Prime numbers are positive integers **(natural numbers)** greater than one, which is divisible by only two numbers, the same and one without the remainder; the name is indivisible,

and Primary numbers are infinitesimal Infinite numbers are infinite numbers, and positive integers greater than one, and the number of denominators more than two are called non-prime numbers

or complex numbers, which can be broken down, while the two numbers (0.1) are excluded from the list of prime numbers and complex numbers.

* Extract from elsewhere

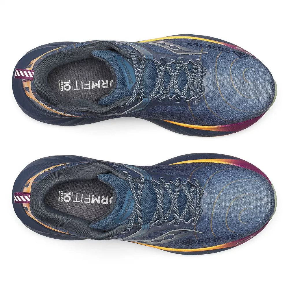 Розроблено для максимального комфорту. Кросівки Triumph 22 мають розкішну амортизацію з піноматеріалу PWRRUN+. Для тих, хто кидає виклик стихії, Triumph 22 GTX з конструкцією GORE-TEX® Invisible Fit, яка зберігає сухість та забезпечує повітропроникність, незалежно від того, що готує вам природа. Підвищена амортизація для комфорту протягом дня. Збалансована платформа. Високочутлива амортизація PWRRUN PB забезпечує неперевершений комфорт. Ширша середня частина забезпечує збалансовану платформу. Розкішний сітчастий верх, м'який і дихаючий. Адаптивна система шнурівки для зручної та надійної посадки. М'яка підкладка від п'яти та м'який язичок облягають вашу ногу. Конструкція GORE-TEX® Invisible Fit – це водонепроникний щит.

Scientists have been interested in the preliminary numbers since ancient times, and is still to the attention of mathematicians;

history records indicate the ancient Egyptians know the concept of a prime number, but the ancient Greeks are still the first to conduct serious studies on this subject,

for example, Euclid in 300 BC In his books the prime numbers are endless. There has been much controversy over the truth of the number 1;

whether it is a prime number or non-prime, and from the definition of Primary numbers are numbers that have two natural denominators,

but the number one has only one denominator and is the same only, and may not repeat similar factors, and to clarify (1 × 1 = 1); so its factors are only one set without repeating the same denominators.

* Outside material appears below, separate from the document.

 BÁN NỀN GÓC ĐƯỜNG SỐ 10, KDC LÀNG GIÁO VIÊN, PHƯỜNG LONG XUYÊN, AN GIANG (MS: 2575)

## The importance of prime numbers

Data is based on its security on several concepts, including Primary numbers; it is one of the most important tools used in the encryption of electronic data, banking transactions,

and logging into social networking sites, and the principle of these numbers lies in the encryption of information initially, and the transfer of the message to

a large number produces This number is called the open number, which is the secret number, and can only be breached if the primary factors used for this complex process are known, which is very difficult.

Examples of non Primary numbers The number 4 is not a prime number because it has three divisors: 1, 4, 2, and 15 is not a prime number,

because it has four divisors: 1, 15, 3, 5, and 24 is not prime because it has six divisors, These are: 24, 1, 4, 6, 8, 3. It is worth noting that even numbers cannot be an absolute prime number except two.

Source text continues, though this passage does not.